One Skillet Balsamic Chicken Pot Pie

Submitted by Khalea Milligan


About the cook: Cooking is my passion and my life. I'm 23 and from Brooklyn where I've always been surrounded by various food cultures. I've been cooking since I was 10 and I'm a culinary arts major. I started my own buisness, STUFFED in 2018 doing street fairs and catering. I usually do southern/Caribbean cuisine. I love uniting flavors from multiple regions. With this recipe I wanted to put a twist on a classic dish combining flavor profiles.

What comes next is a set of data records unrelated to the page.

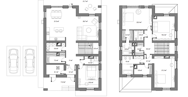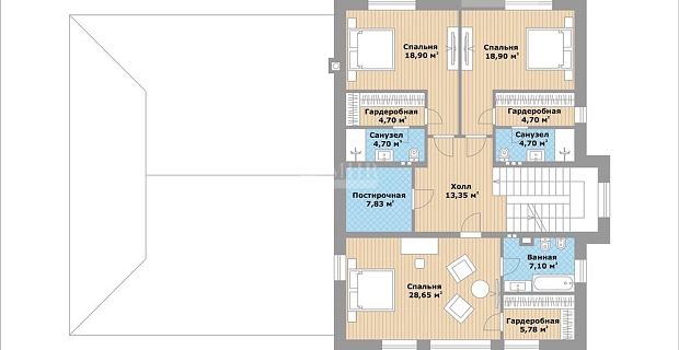 Мансарда: 2 спальни, 2 с/у, 2 гардеробные.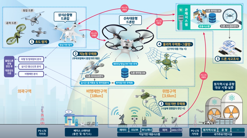 한국원자력연구원과 한국항공우주연구원 등이 참여하는 '불법 드론 지능형 대응기술 개발사업'은 항공 보안을 위협할 수 있는 불법 드론의 탐지·식별·추적·무력화에 주력하는 기술로 지상에서는 불법 드론을 탐지해 무력화시키고, 공중에서는 상시 순찰하며 불법 드론을 직접 무력화하는 기술로 구성된다. 안티 드론 시스템이라 명명된 이 기술은 개발이 완료되면 원자력 시설과 공항을 비롯해 국가 중요 시설에 우선 구축될 예정이다.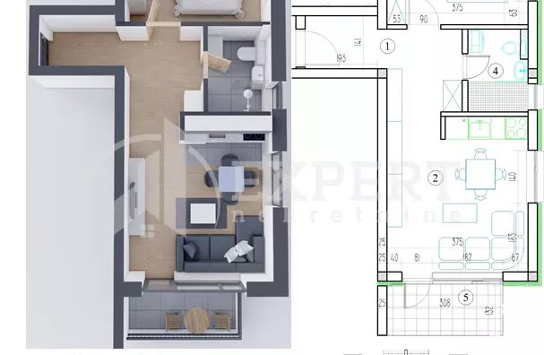 - Prostorije: kupatilo, terasa

About the dish: A twist on a classic Greek dish using balsamic vinegar with an Italian flavor profile and sweet potato for my southern roots. A one skillet meal that can feed the whole family; no dishes just satisfaction.



National Origin: Greek

Serves: 6

Estimated Time: 1 to 2 Hours

Ingredients:

1 1/2 lbs chicken, cubed (or 2 chicken breast, cut)
Seasoning for chicken:
1 tsp onion powder
1/2 tsp celery seed
1 tsp fennel seed
1 tsp ground coriander
1 tsp tumeric
1/2 tsp dry mustard powder
1/2 tsp ground red pepper
1 tsp cumin
1/2 tsp ground ginger
1/2 tsp black pepper
1 tsp salt
For filling:
1 cup chopped celery
1 cup chopped or frozen carrots
1/2 can of cooked cut sweet potato
1/4 cup diced onions
2 sprigs fresh rosemary
3/4 cup Balsamic Vinegar of Modena PGI
1/3 cup brown sugar
2 tbsp minced garlic
1 1/4 cup water
1/3 cup flour
3 tbsp butter
For top layer crust:
1 cup flour
1/2 tsp salt
4 tbsp butter
6 tbsp water

Preparation:

-In a bowl, combine seasonings and chicken, mix thoroughly.
-In well oiled pan over medium-high heat, add chicken and sauteé for 6 – 8 minutes.
-Remove chicken from pan, set aside in separate bowl. Reduce to low heat and add brown sugar, balsamic vinegar of Modena and rosemary sprigs, simmer for 3 minutes.
-Add chicken back into pan and cook over medium heat for 10 minutes while stirring occasionally. Then transferred Chicken in sauce to bowl, set aside.
-Return pan to medium heat, add garlic, diced onions, chopped celery and carrots, sauteé for 3 to 5 minutes. Add butter and sweet potato, mix until well combined.
-Add flour and water let simmer for 3 minutes, then remove from heat. Preheat oven to 350°F
(If you’re not comfortable making dough, feel free to use an already made biscuit dough or croissant dough, and bake until golden brown).
-In mixing bowl add flour, salt then cut cold pieces of butter into the flour mixture with a fork. Combine until the texture becomes more coarse and small dough balls start to form. Add water a tbsp at a time.
– Roll dough on well floured surface with well floured rolling pin.
-Roll the dough out flat but if it starts to stick, add flour as needed and fold the edges into the middle and continue to flatten. (Folding in the edges while rolling will help with a flakier top crust.) -Make sure dough is rolled out enough to cover the top
-Place rolled dough over skillet, apply an egg wash evenly and score the middle. Bake for 30-40 mins or until top is golden brown. Let cool for 30 mins before serving.